Preston dropped his hand to his armrest with a sigh. “Yes, because of my autism.” He refused to believe that was the only reason it was very clear to him this had been poorly handled. “Why isn’t Asher’s guardian also in here right now?”
“Because Lacey is the one who hit another student. Brookville Elementary must foster a safe environment.”
Fine. Call it black-and-white thinking if they liked. A failure of perspective-taking. A lack of empathy—that one always bothered him the most, setting a spark of anger up his spine. To Preston, anything else was simply trying to blur the line between right and wrong. “We are not doing this,” he told the principal, hands gripping both armrests. “Unless this school is okay with teaching a boy that as long as a girl doesn’t say no in just the right way he can take whatever he likes?” Swann’s eyebrows shot up. “No?”
The principal shook his head. “Physical violence still—”
“No one noticed or helped.” Preston’s slow, certain words were almost strangled by the emotion tightening his throat.
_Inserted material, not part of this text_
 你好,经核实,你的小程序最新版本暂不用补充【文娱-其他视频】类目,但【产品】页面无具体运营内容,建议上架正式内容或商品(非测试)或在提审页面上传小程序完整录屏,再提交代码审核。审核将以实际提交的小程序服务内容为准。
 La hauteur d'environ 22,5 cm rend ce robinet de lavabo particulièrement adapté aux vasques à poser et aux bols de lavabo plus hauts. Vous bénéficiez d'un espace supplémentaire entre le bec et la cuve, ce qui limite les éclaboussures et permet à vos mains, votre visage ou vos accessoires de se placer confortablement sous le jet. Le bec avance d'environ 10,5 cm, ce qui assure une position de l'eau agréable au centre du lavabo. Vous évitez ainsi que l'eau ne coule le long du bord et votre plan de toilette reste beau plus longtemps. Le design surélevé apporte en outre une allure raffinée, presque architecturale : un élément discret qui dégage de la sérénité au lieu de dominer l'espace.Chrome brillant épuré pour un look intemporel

He swallowed down his own remorse. “Lacey wasn’t given the support her disability requires. She was bullied. If the school wants to promote a safe environment for everyone , I hope it intervenes sooner next time.” He stood. “I’m taking Lacey home.”
“All right.” Swann’s voice followed him out of the office.
Preston was already grabbing his bag and the backpack and jerking his head at Lacey. “Let’s go, Lace Face.”
Outside, they climbed onto their bikes and buckled their helmets, Lacey’s with iridescent stars stuck all over it. “Strawberry yogurt smoothies when we get home?” he asked. Her toothy smile at this almost soothed the unease stirring through his chest. If only he could fix everything else as easily as with a snack.
He dug his foot back to lift his kickstand. Bullies. That was the problem. And nobody doing anything about it. It started with stealing sandwiches without consequences, and then they grew up to try to tell everyone in town what they weren’t allowed to read.
He’d work on those notes for the town hall meeting tonight, after giving his piano lessons and ineffectively enforcing Lacey’s bedtime. He’d be ready the next time he faced one of those book banners. No matter how pretty. At least he could try to save the books and the clubs and his job. Even if he wasn’t confident it would turn out well.
Nothing halfway. Knowing himself, it would be a complete disaster.